Oh, este Monseñor de Bourges me ha irritado bastante durante los tres días que pasamos en su palacio. ¡Un prelado cuya hospitalidad molesta y agobia! Siempre tironeando de nuestra sotana para conseguir algo. Y cuántos protegidos y clientes tiene este hombre, cuántos individuos a los cuales prometió algo y cuyas necesidades debemos atender.
«Permitidme presentar a Su Muy Santa Eminencia un empleado muy meritorio... Su Muy Santa Eminencia tal vez acepte pasar su benévola mirada sobre el canónigo no sé cuántos... Me atrevo a recomendar a los favores de Vuestra Muy Santa Eminencia...» Ayer por la tarde tuve que hacer un verdadero esfuerzo para no decirle: « ¡Obispo, idos al infierno y dad... sí, la paz a mi Santa Eminencia! »
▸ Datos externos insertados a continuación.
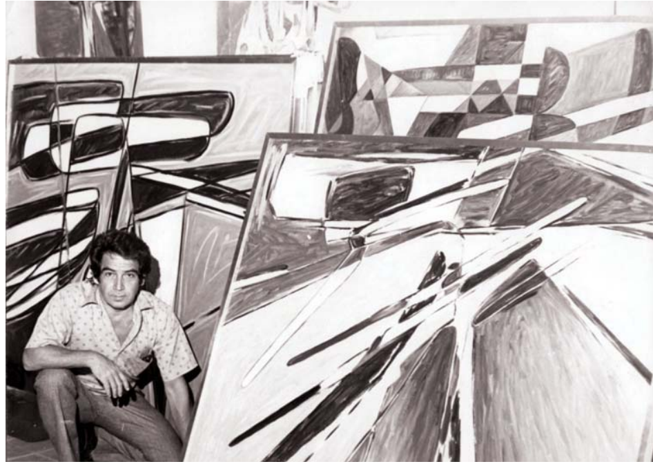
La obra de este valenciano trasciende el tiempo

Y en Boca Ratón Museum of Art, Estados Unidos, ya se presenta una muestra

Don Francesco, esta mañana os llamé... confío en que ahora toleréis mejor el balanceo de mi litera; por otra parte, seré breve... con el fin de recapitular exactamente lo que le concedí, y nada más. Pues ahora que está en camino con nosotros no se privará de afirmar que yo acepté tales y cuales peticiones que él me hizo. En efecto, me dijo: «¡Respecto de las dispensas menores, de ningún modo quiero fatigar a Vuestra Muy Santa Eminencia; las explicaré al señor Francisco Calvo, que sin duda es persona de mucho saber, o también al señor de Bousquet...!» ¡Vaya! No traje conmigo a un auditor pontificio, dos doctores, dos licenciados en leyes y cuatro bachilleres para descubrir la ilegitimidad de todos los hijos de sacerdotes que dicen misa en esta diócesis, o que poseen algún beneficio. Por otra parte, es extraordinario que después de todas las dispensas que concedió durante su pontificado mi santo protector, el papa Juan XXII (casi cinco mil, y más de la mitad de esa cifra a bastardos de curas, por supuesto con penitencia en dinero, lo que contribuyó mucho a restaurar el tesoro de la Santa Sede), aparezcan ahora tantos tonsurados que son los frutos del pecado.
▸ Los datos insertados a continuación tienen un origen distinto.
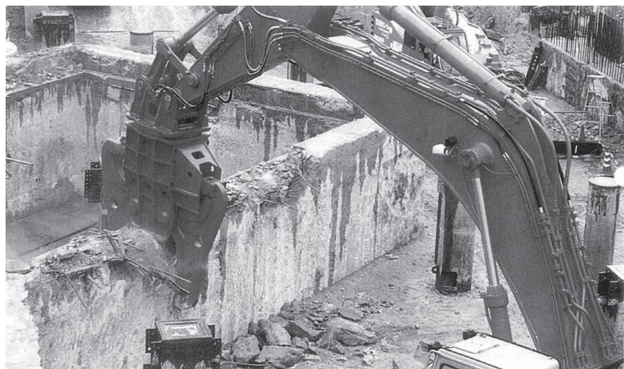
コンクリート壁解体に 活躍する圧砕機

さまざまな解体現場の、主に鉄筋コンクリート構造物を大割解体するのに用いられます。

En mi carácter de legado del Papa, tengo derecho de conceder diez y sólo diez dispensas en el curso de mi misión. He otorgado dos a Monseñor de Bourges; ya es demasiado. Respecto a los cargos de notario, tengo derecho a otorgar veinticinco, y están destinados a hombres que me hayan prestado servicios personales y no a los individuos que se deslizaron entre los papeles de Monseñor de Bourges. Le daréis uno, y para el caso conviene elegir al más estúpido y al menos meritorio, para que de esto le vengan solamente dificultades. Si se asombra, le responderéis: « ¡Ah!, Monseñor me recomendó expresamente...» No distribuiremos ninguno de los beneficios sin cargo de almas, llamados también mandas, y que pueden corresponder a eclesiásticos o a laicos.